Record extracts Block Start
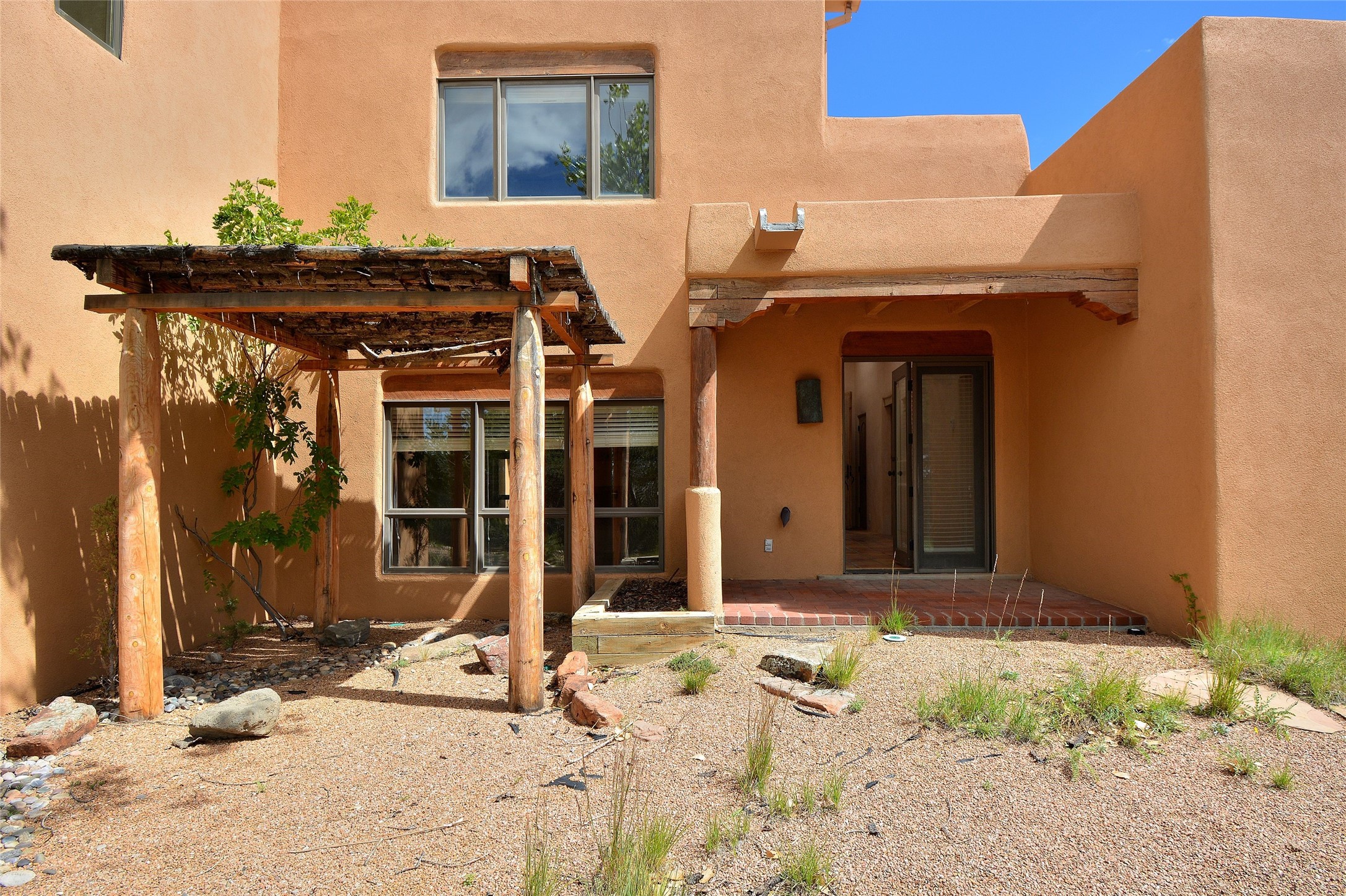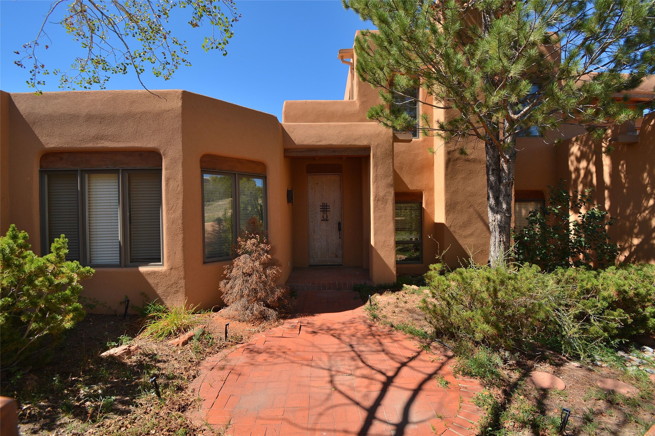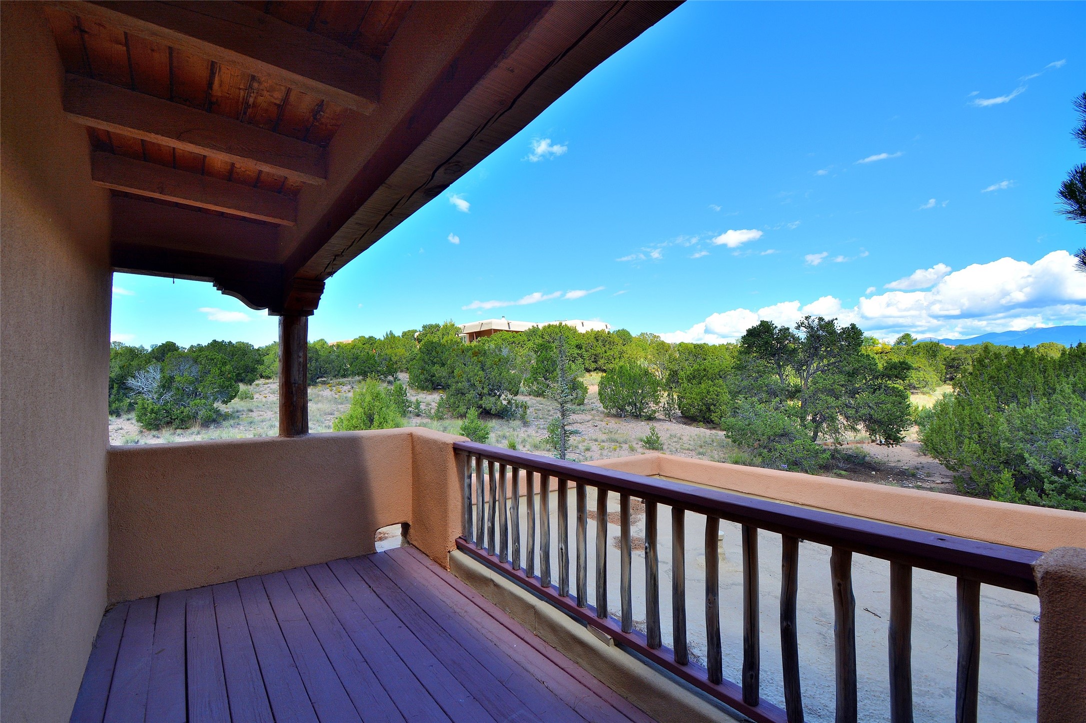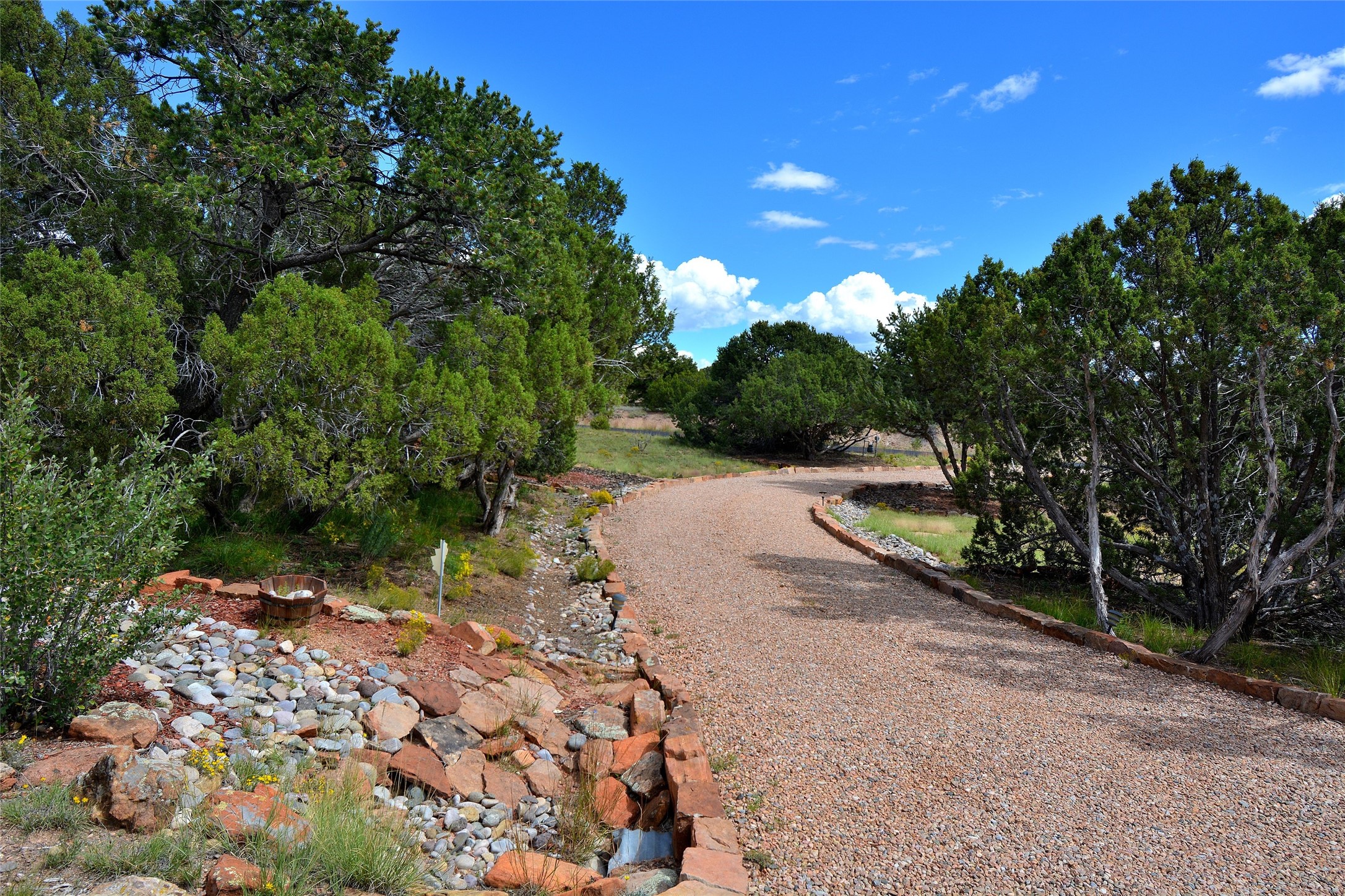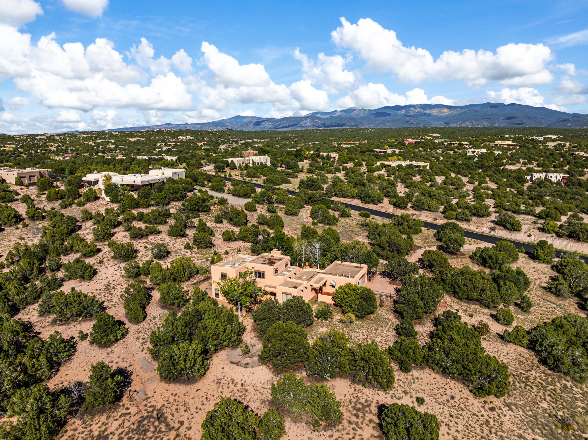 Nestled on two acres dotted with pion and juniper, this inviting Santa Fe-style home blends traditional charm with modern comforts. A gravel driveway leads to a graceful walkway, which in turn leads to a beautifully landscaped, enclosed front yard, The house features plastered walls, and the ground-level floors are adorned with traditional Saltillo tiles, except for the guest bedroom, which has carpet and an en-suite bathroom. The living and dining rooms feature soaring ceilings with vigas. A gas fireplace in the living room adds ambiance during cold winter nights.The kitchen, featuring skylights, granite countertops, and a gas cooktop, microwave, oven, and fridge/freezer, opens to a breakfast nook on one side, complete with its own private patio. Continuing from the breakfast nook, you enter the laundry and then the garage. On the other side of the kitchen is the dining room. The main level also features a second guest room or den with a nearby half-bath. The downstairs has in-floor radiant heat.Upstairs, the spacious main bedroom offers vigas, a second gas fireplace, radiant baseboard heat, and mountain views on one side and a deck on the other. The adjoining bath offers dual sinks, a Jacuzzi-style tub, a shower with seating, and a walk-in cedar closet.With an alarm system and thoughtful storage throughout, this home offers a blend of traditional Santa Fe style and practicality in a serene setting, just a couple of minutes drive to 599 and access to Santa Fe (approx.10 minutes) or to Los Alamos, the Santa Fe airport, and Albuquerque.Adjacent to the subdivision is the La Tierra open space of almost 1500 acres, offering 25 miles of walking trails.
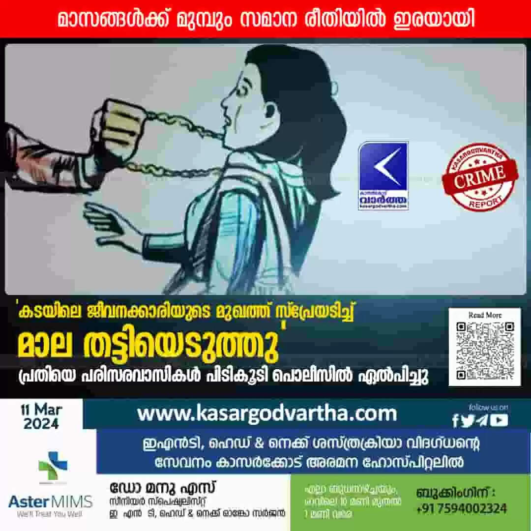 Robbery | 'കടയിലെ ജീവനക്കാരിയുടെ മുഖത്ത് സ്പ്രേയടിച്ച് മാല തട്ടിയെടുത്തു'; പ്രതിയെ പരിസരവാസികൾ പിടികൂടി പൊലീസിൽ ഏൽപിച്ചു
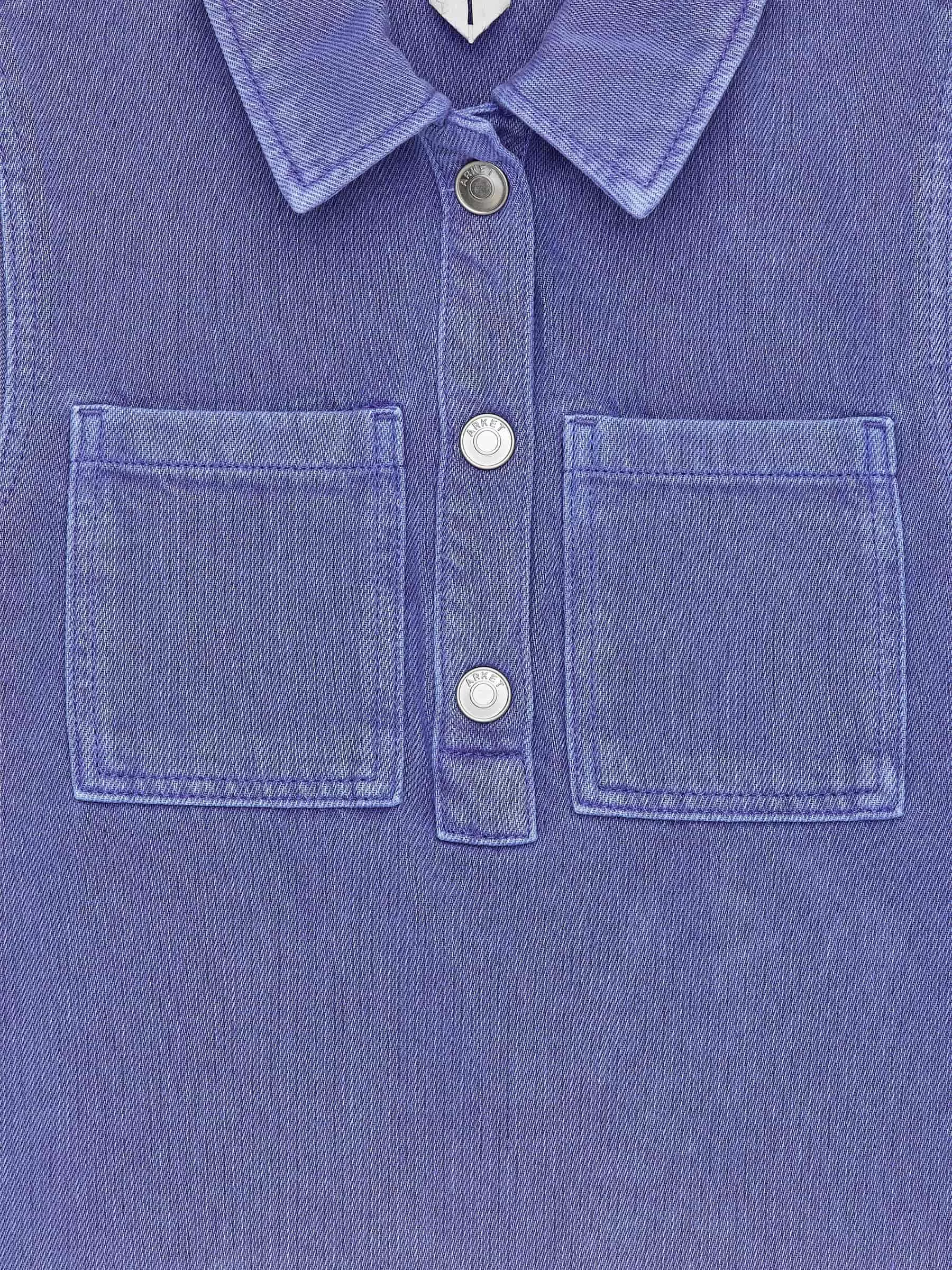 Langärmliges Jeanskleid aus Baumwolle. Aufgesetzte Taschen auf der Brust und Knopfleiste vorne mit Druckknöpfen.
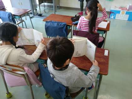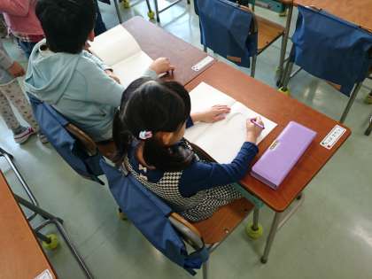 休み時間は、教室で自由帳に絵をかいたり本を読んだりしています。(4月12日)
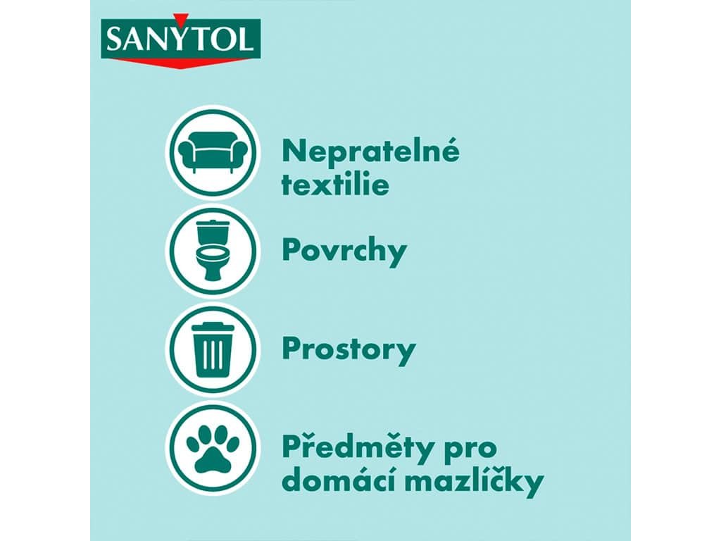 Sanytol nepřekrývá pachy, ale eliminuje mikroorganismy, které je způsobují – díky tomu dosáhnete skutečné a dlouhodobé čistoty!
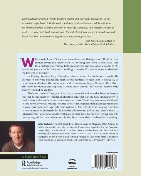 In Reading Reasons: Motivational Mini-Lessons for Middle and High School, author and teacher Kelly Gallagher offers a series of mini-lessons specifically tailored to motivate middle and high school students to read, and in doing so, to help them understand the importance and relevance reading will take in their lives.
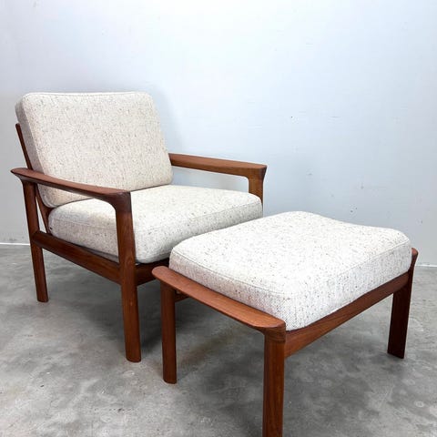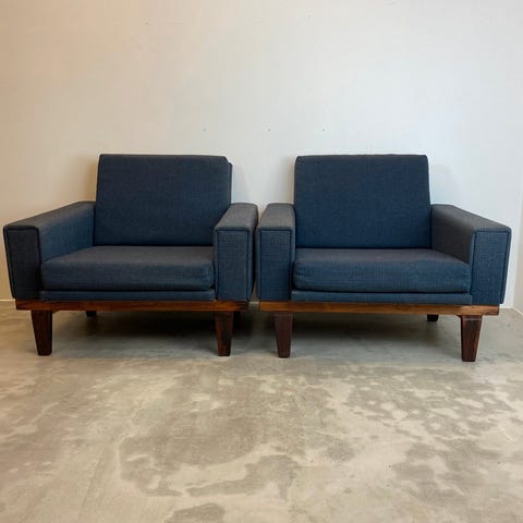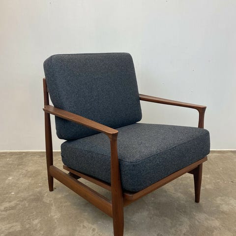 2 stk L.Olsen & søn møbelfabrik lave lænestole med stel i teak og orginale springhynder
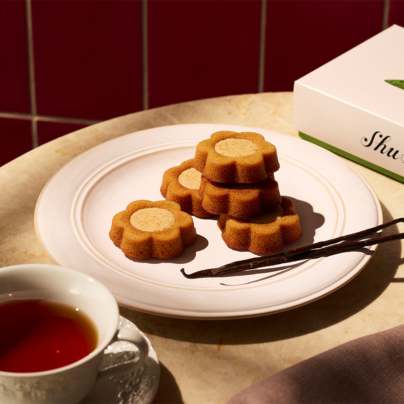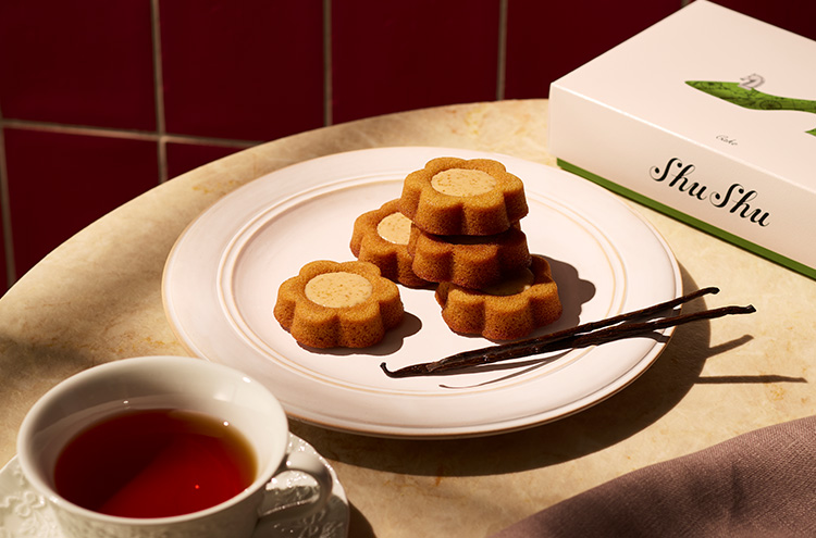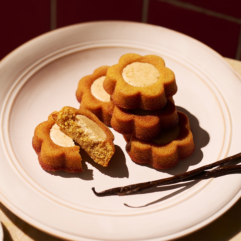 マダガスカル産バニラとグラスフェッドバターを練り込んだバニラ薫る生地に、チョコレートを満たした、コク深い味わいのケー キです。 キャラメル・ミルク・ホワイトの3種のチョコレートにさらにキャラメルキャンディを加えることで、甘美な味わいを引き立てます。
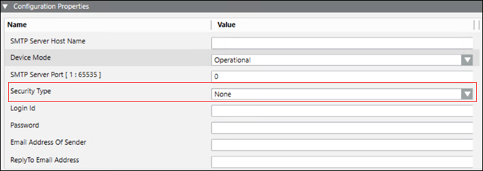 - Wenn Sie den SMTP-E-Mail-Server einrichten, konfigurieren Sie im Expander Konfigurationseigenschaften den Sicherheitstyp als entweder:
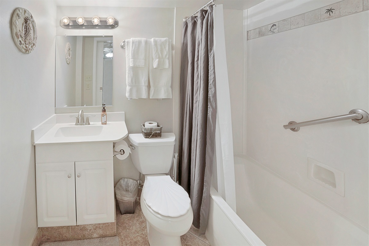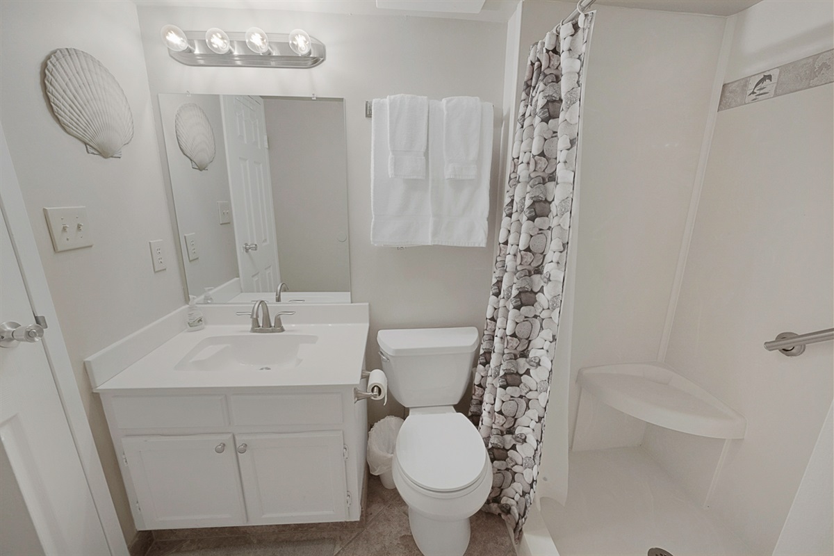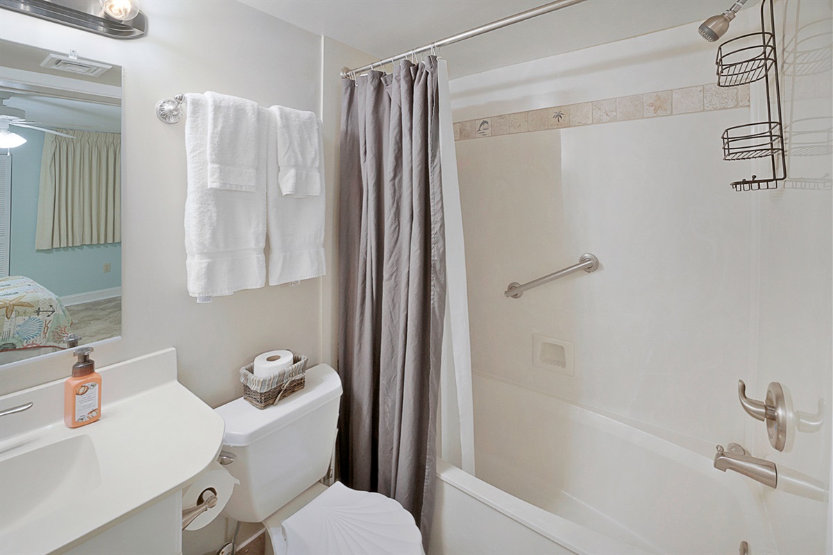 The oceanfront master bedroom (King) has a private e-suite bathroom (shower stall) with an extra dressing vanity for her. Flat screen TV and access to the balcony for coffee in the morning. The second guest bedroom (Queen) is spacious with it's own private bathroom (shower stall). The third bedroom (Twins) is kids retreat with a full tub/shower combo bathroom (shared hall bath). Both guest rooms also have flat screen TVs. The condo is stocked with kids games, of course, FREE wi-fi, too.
Record extracts Block End
* Problem statement: In the entries above, find the line containing "Sanytol nepřekrývá pachy, ale"; transcribe exactly that line and every line after it through the end, and only those, omitting pictures.

* Finished task:
 Sanytol nepřekrývá pachy, ale eliminuje mikroorganismy, které je způsobují – díky tomu dosáhnete skutečné a dlouhodobé čistoty!
 In Reading Reasons: Motivational Mini-Lessons for Middle and High School, author and teacher Kelly Gallagher offers a series of mini-lessons specifically tailored to motivate middle and high school students to read, and in doing so, to help them understand the importance and relevance reading will take in their lives.
 2 stk L.Olsen & søn møbelfabrik lave lænestole med stel i teak og orginale springhynder
 マダガスカル産バニラとグラスフェッドバターを練り込んだバニラ薫る生地に、チョコレートを満たした、コク深い味わいのケー キです。 キャラメル・ミルク・ホワイトの3種のチョコレートにさらにキャラメルキャンディを加えることで、甘美な味わいを引き立てます。
 - Wenn Sie den SMTP-E-Mail-Server einrichten, konfigurieren Sie im Expander Konfigurationseigenschaften den Sicherheitstyp als entweder:
 The oceanfront master bedroom (King) has a private e-suite bathroom (shower stall) with an extra dressing vanity for her. Flat screen TV and access to the balcony for coffee in the morning. The second guest bedroom (Queen) is spacious with it's own private bathroom (shower stall). The third bedroom (Twins) is kids retreat with a full tub/shower combo bathroom (shared hall bath). Both guest rooms also have flat screen TVs. The condo is stocked with kids games, of course, FREE wi-fi, too.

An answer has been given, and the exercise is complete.